[WHAT IS BEING ASKED] Only the lines from the first line of the entries through the line with "入浴品2点とスクラブ1点のセット。お風呂で素肌をボディケア。" belong in the answer, each restated word for word and without pictures.

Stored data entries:
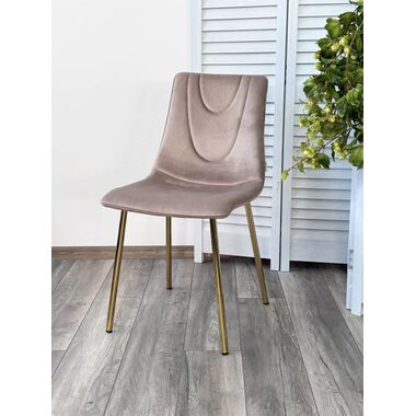 Сиденье обито велюром высокой плотности серии BLUVEL. Состав ткани: полиэстер - 100%. Плотность ткани 1м2: 320 г/м2. Ножки стула - металл золотого цвета. Подробное описаниеСтул ELLI BLUVEL-40 Бежевый, велюр / золотой каркас
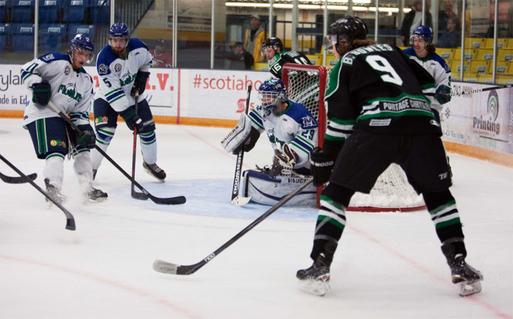 The 2015 RBC Cup champion Terriers defeated the Mustangs 3-2 in double overtime. Nick Henry scored midway through the second overtime period to propel the Terriers into the second qualification game. Brad Bowles and Chase Brakel also scored for Portage.
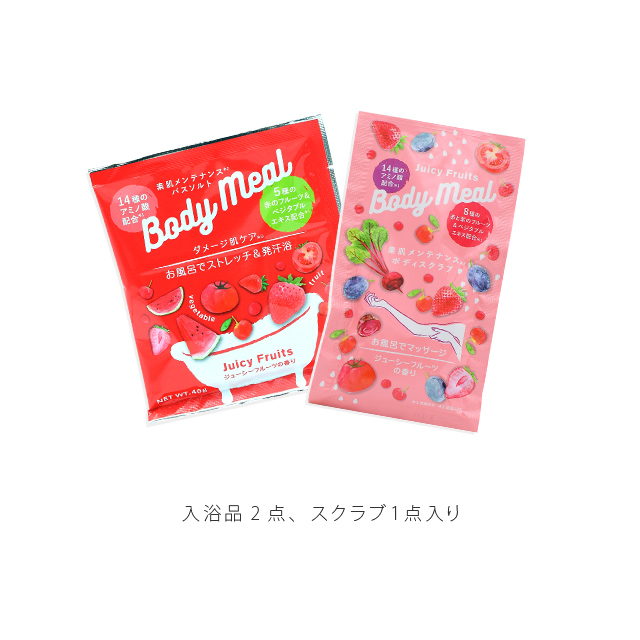 入浴品2点とスクラブ1点のセット。お風呂で素肌をボディケア。
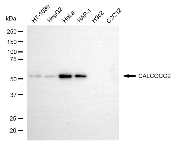 • Western blotting analysis using CALCOCO2 antibody. Total cell lysates (30 μg) from various cell lines were loaded and separated by SDS-PAGE. The blot was incubated with CALCOCO2 antibody and HRP-conjugated goat anti-mouse secondary antibody respectively.
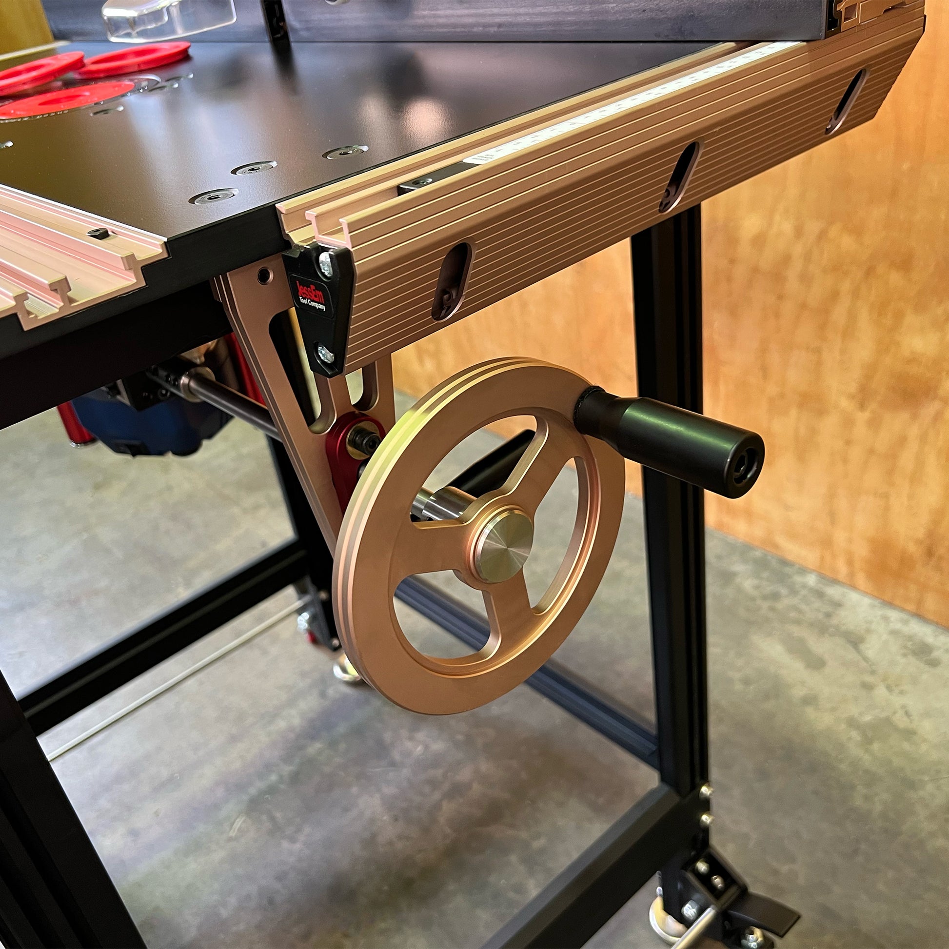 Excel II Top with Integrated Router Lift – Side-mounted winder allows precise height adjustments for full control
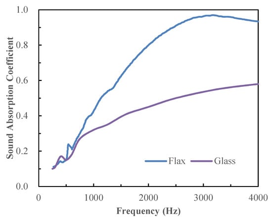 The tested sound absorption coefficients of unidirectional flax fiber fabric and glass fiber fabric are presented in Figure 5 as a function of frequency. The results show that in the test frequency range of 250–4000 Hz, flax fiber fabric has superior acoustic absorption ability compared to glass fiber fabric. It can be seen from Figure 5 that the SACs of flax fiber fabric were higher than 0.5 when the sound wave frequency was over 1000 Hz, which means over half of the incident sound energy was absorbed by the fabric. In this study, the critical frequency of flax fiber fabric was 3200 Hz, which means the SAC reached a peak value of 0.96 at 3200 Hz and showed a relatively stable sound absorption ability afterwards. Clearly, the maximum SAC of glass is much lower than that of the flax fiber, only 0.58 in the test frequency range, and the critical frequency is higher than that of the flax fiber (>4000 Hz). This means flax fibers process not only outstanding sound absorption capability but also wider sound absorbing frequency range.
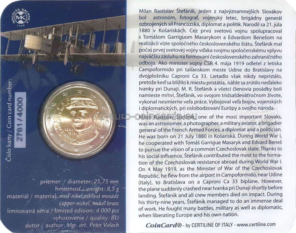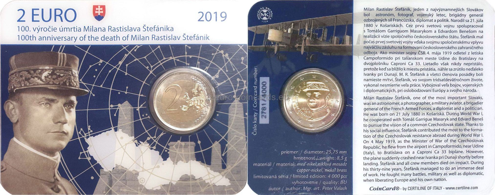 Na vyobrazení sa nachádza portrét Milana Rastislava Štefánika. Na ľavej strane portrétu sa nachádzajú dátumy narodenia a úmrtia Štefánika „1880“ a „1919“, jeden nad druhým. Na ľavej strane vnútornej časti mince je v polkruhu uvedené meno „MILAN RASTISLAV ŠTEFÁNIK“ a meno vydávajúcej krajiny „SLOVENSKO“. Rok vydania „2019“ sa nachádza medzi portrétom a pravou stranou. Pod rokom sú štylizované písmená „PV“, iniciály autora návrhu Petra Valacha, a pod nimi je značka Mincovne Kremnica, ktorá pozostáva z písmen „MK“ umiestnených medzi dvoma razidlami.
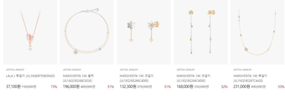 할인 품목 : 목걸이, 귀걸이, 시계 등
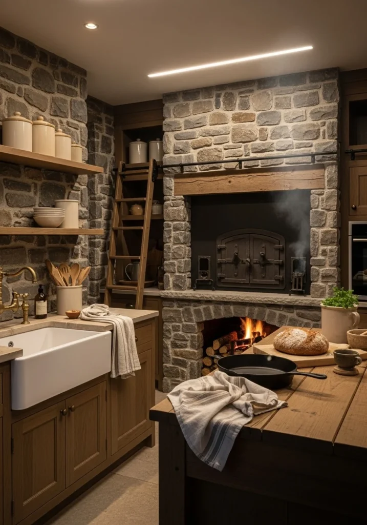 Build a stone hearth housing a wood-fired oven with iron doors as your kitchen’s heart. Use reclaimed stone walls, deep farmhouse sinks with aged brass fittings, and low islands with thick plank tops that feel substantial and permanent.
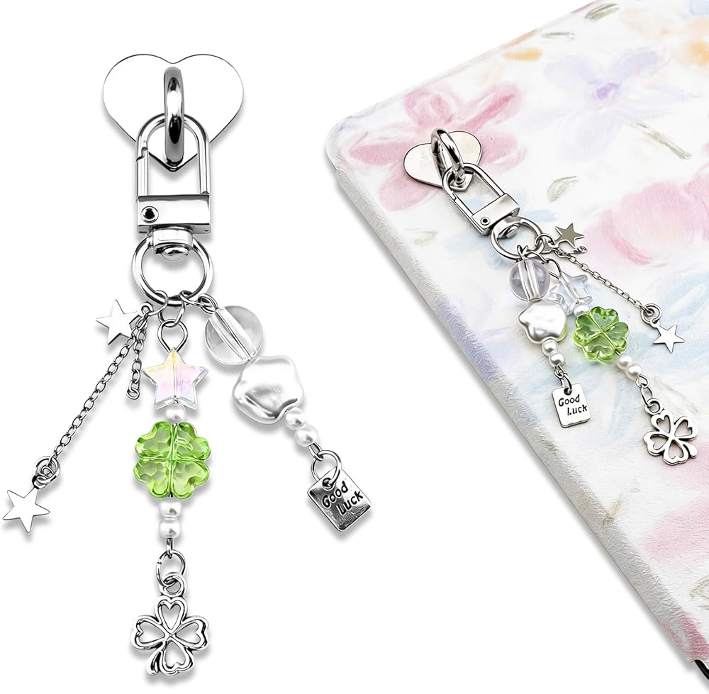 St. Patrick's Day Charm Chain Four Leaf Clover Charms for Good Luck Irish Gifts Women Bag Phone Case Accessory With Hook Gift Reader Booklovers Cute Holiday Keychain
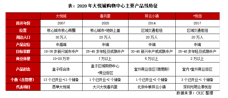 以年輕中產(chǎn)、成熟中產(chǎn)為核心客群、以“年輕、時尚、潮流、品位”為品牌定位,大悅城旗下零售商業(yè)的主客群為中高端消費者,目前推出大悅城、春風里和祥云小鎮(zhèn)三大核心系列,并以+悅街作為商住地塊中商業(yè)配套的補充。四大產(chǎn)品線在在客群和建筑形態(tài)相互承接,在定位、布局和產(chǎn)品標準等方面相互區(qū)隔。
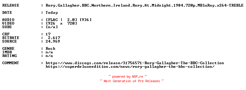 Titel: Rory Gallagher BBC Northern Ireland Rory At Midnight 1984 720p MBluRay x264-TREBLE
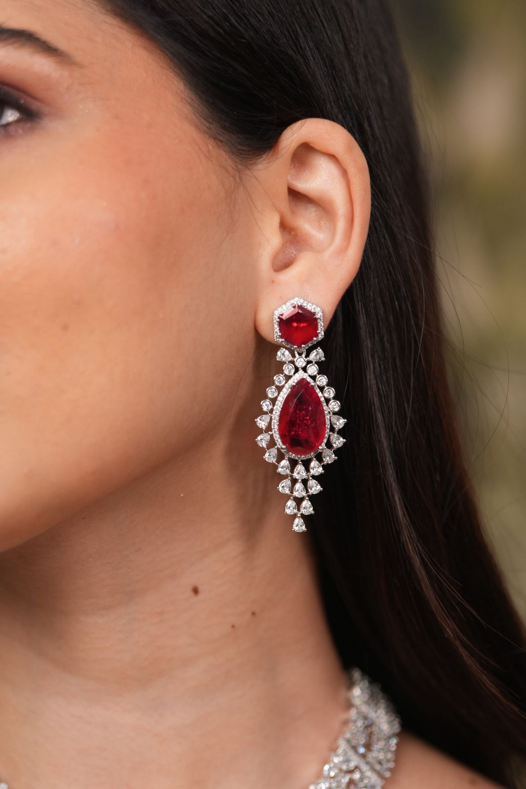A diamond set with multi soltiaires leading to a coloured hexagon shaped hydro stone and a drop with assorted diamonds below. The earrings it comes with are super pretty by themselves.
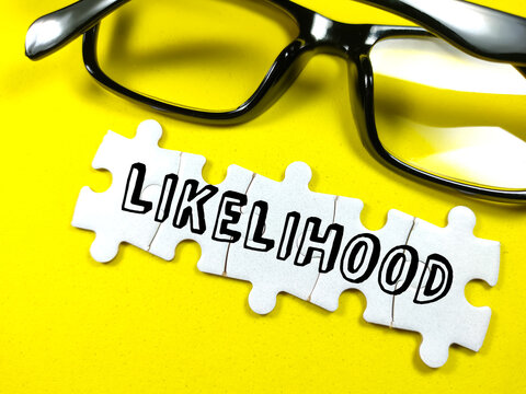 Text LIKELIHOOD on jigsaw puzzle with glasses on a yellow background.
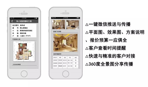 ▲在蒙娜丽莎设计云平台,人们可以一键分享设计方案。当客户点开方案,平面图、效果图、全景图、方案说明、报价预算一应俱全,方便及时查看与反馈。
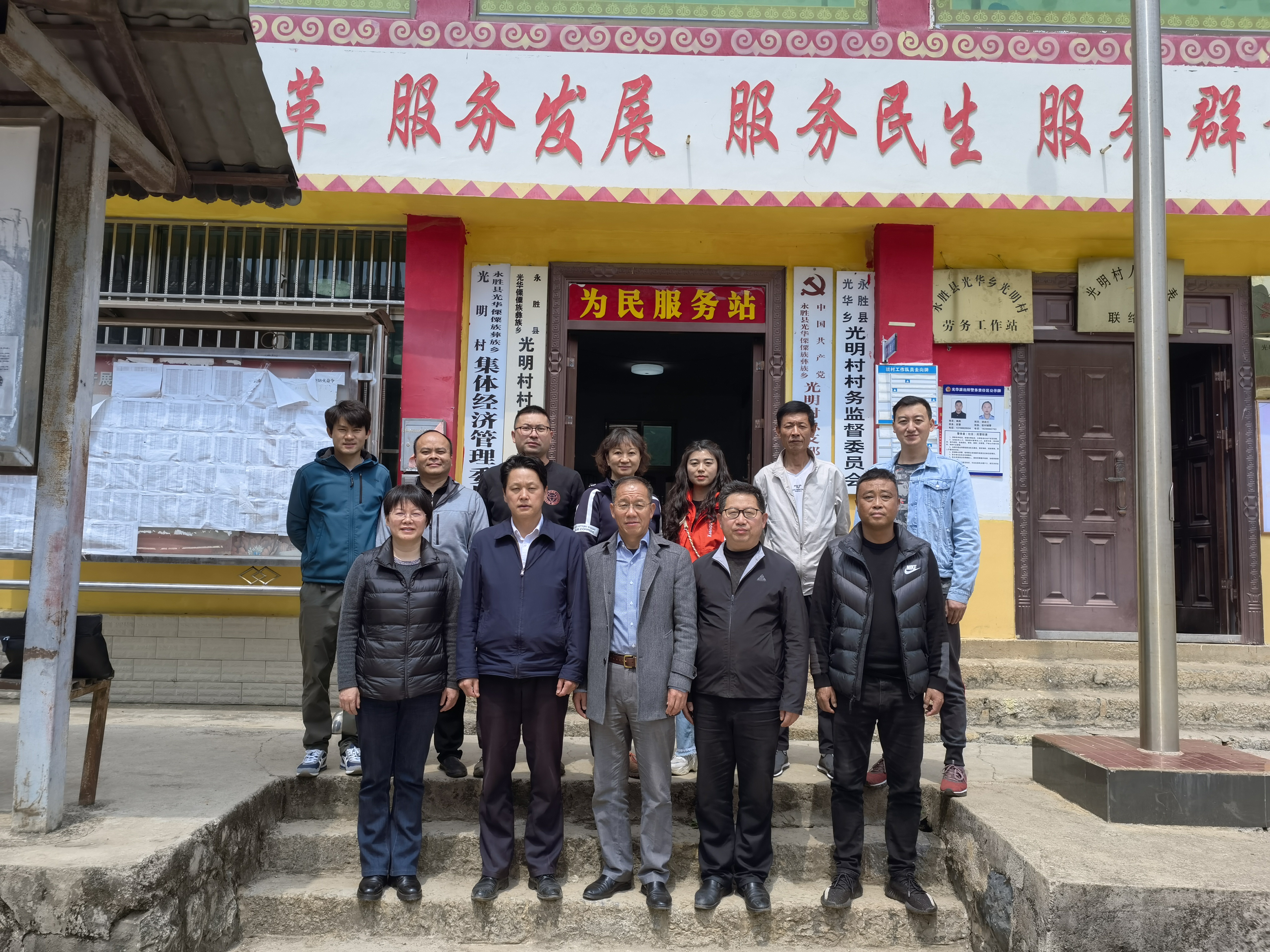 为切实履行定点挂联包村帮扶责任,积极落实“2021年省级单位挂联永胜县定点帮扶工作联席会议”要求,各单位共建沟通联络机制,充分发挥各自资源优势、特长,进一步帮助支持永胜县巩固脱贫攻坚成果有效衔接乡村振兴战略,2022年4月8日,应学校邀请,国家林业和草原局西南调查规划院党委书记、院长周红斌带队,副院长杨菁、党办主任赵颖、空间规划处处长罗晓琴等一行5人,就创建美丽乡村到bat365官网定点帮扶的永胜县光华乡光明村委会小村组开展实地调研、驻村交流等工作。除国家林业和草原局西南调查规划院的各位领导和专家外,参加此次调研活动和座谈会的还有学校党委副书记彭鸿昌,永胜县委常委、宣传部长李宝银,光华乡党委书记毛伟明、光华乡党委副书记、乡长杨学清、光华乡党委委员、人大主席白龙剑,以及光明村驻村工作队、村“三委”班子成员等。
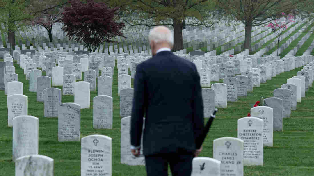 President Biden walks through Arlington National Cemetery to honor fallen veterans of the Afghan

[REPLY TO THE TASK]
 Сиденье обито велюром высокой плотности серии BLUVEL. Состав ткани: полиэстер - 100%. Плотность ткани 1м2: 320 г/м2. Ножки стула - металл золотого цвета. Подробное описаниеСтул ELLI BLUVEL-40 Бежевый, велюр / золотой каркас
 The 2015 RBC Cup champion Terriers defeated the Mustangs 3-2 in double overtime. Nick Henry scored midway through the second overtime period to propel the Terriers into the second qualification game. Brad Bowles and Chase Brakel also scored for Portage.
 入浴品2点とスクラブ1点のセット。お風呂で素肌をボディケア。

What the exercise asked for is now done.